Copying rule for the data below: take the line containing "Wstawić do piekarnika, przykryć" and every line after it to the end, exactly, and drop all pictures.

**RECORDED INFORMATION:**
____________

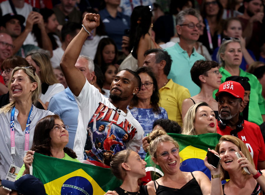 Paris 2024 Olympics – Artistic Gymnastics – Women’s Team Final – Bercy Arena, Paris, France – July 30, 2024. Simone Biles of United States’ husband Jonathan Owens in the stands. REUTERS/Mike Blake
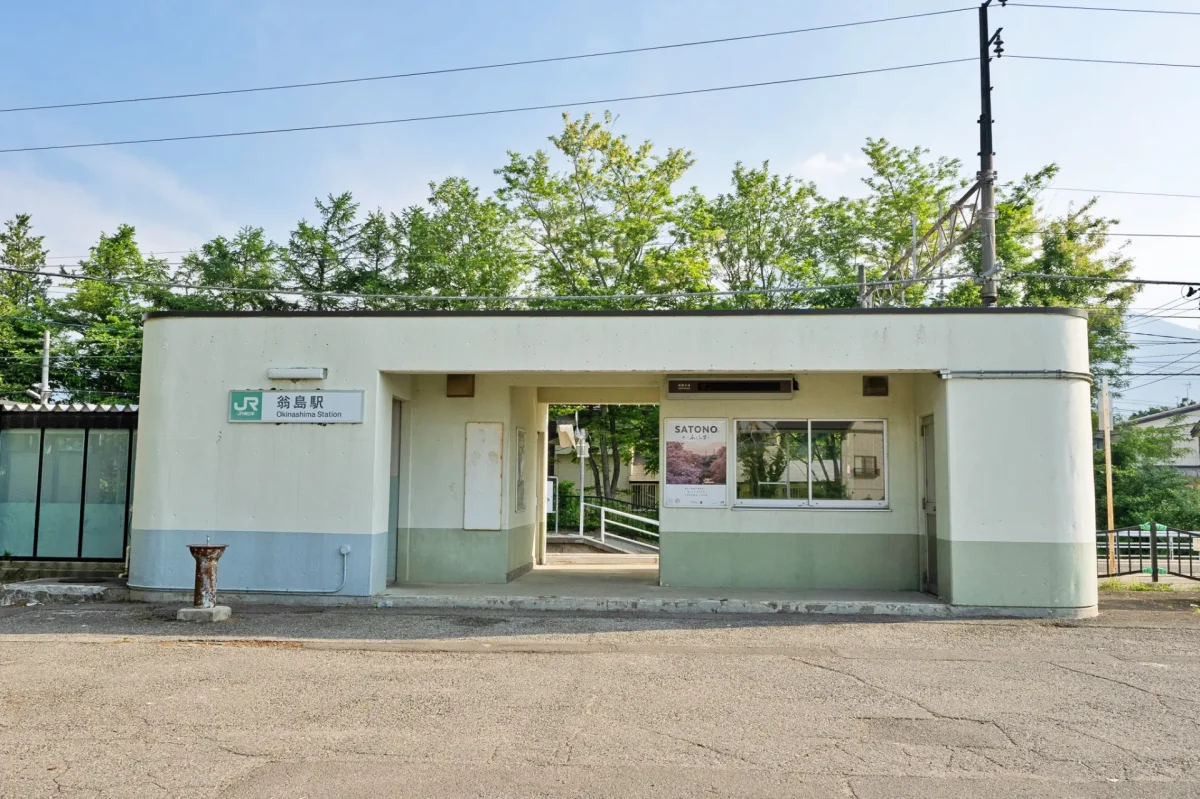 いなわしろカワセミ水族館や釣り堀もある「緑の村」[ツーリングマップル東北 P.18(関東甲信越 P.103) I-6]の駐車場に入ると、すぐ目の前に移築保存された「旧翁島駅」がありました。現在は食堂として利用されていますが、営業日は週末と休日で、残念ながら、中に入ることは出来ず。貴賓室も見られるそうですが、次は営業日に訪問したいです。
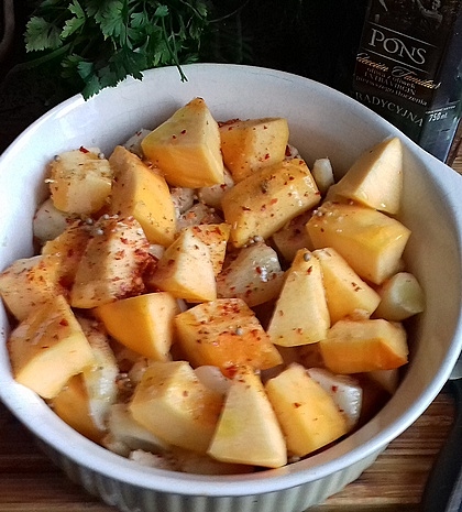 Wstawić do piekarnika, przykryć folią aluminiową lub pokrywą. Zapiekać ok. pół godziny; czas zależy od wielkości kostek i tego, czy maja być al dente, twardawe, czy całkiem miękkie.
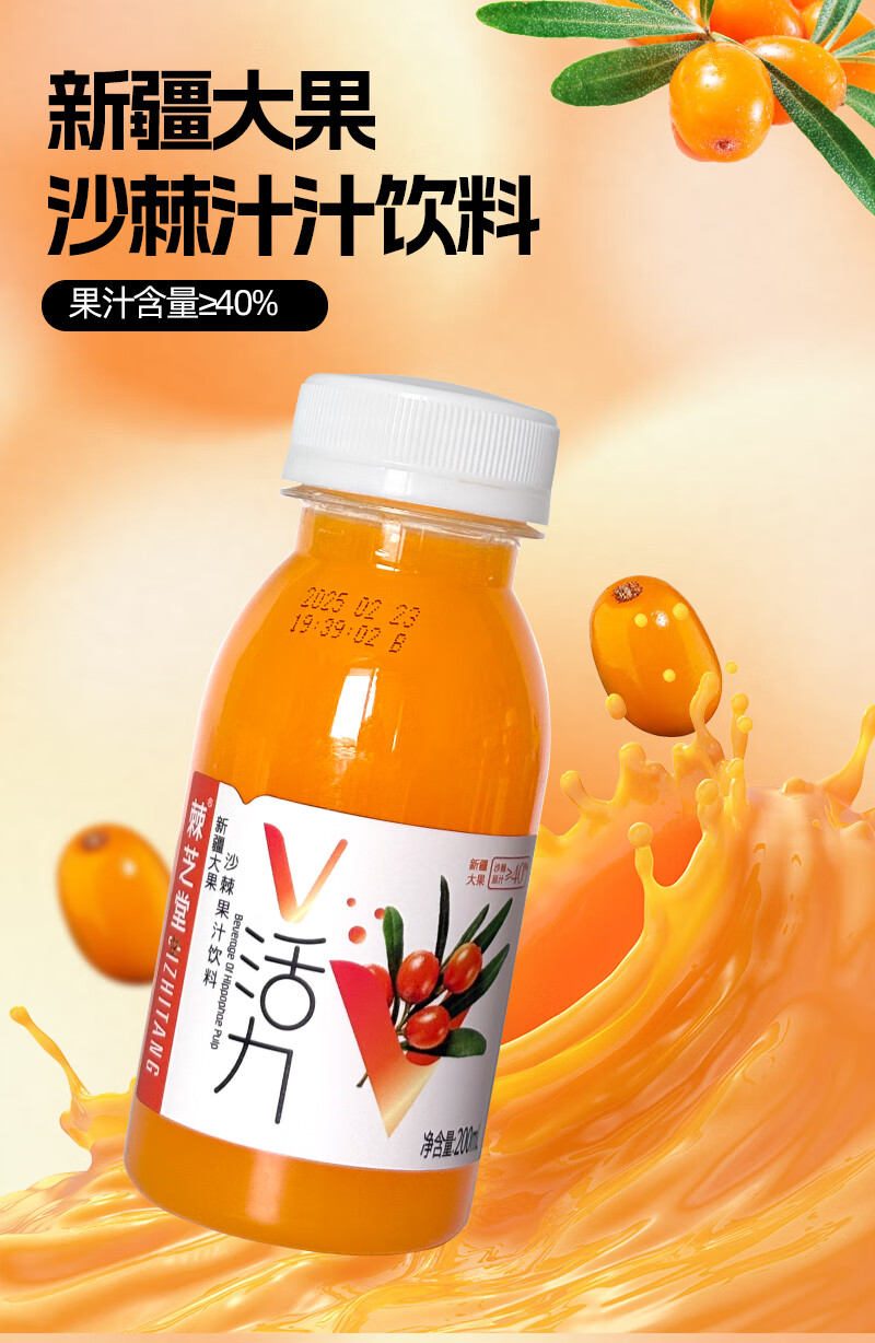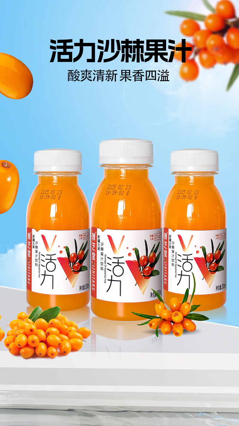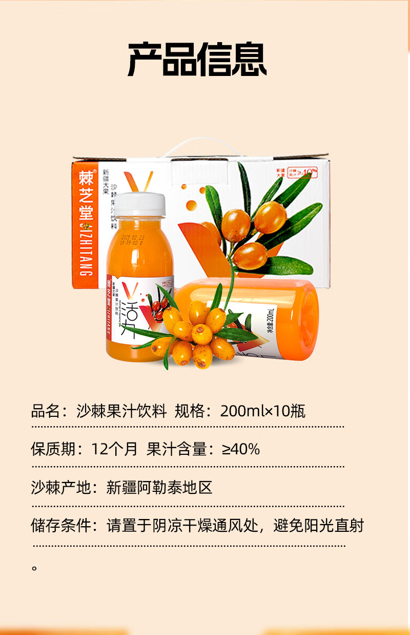 棘芝堂新疆大果沙棘果汁饮料200ml*10盒(礼盒装)酸甜爽口果味浓郁 沙棘汁礼盒 200ml*10瓶(礼盒装)

____________

**RESULT OF THIS EXERCISE:**
 Wstawić do piekarnika, przykryć folią aluminiową lub pokrywą. Zapiekać ok. pół godziny; czas zależy od wielkości kostek i tego, czy maja być al dente, twardawe, czy całkiem miękkie.
 棘芝堂新疆大果沙棘果汁饮料200ml*10盒(礼盒装)酸甜爽口果味浓郁 沙棘汁礼盒 200ml*10瓶(礼盒装)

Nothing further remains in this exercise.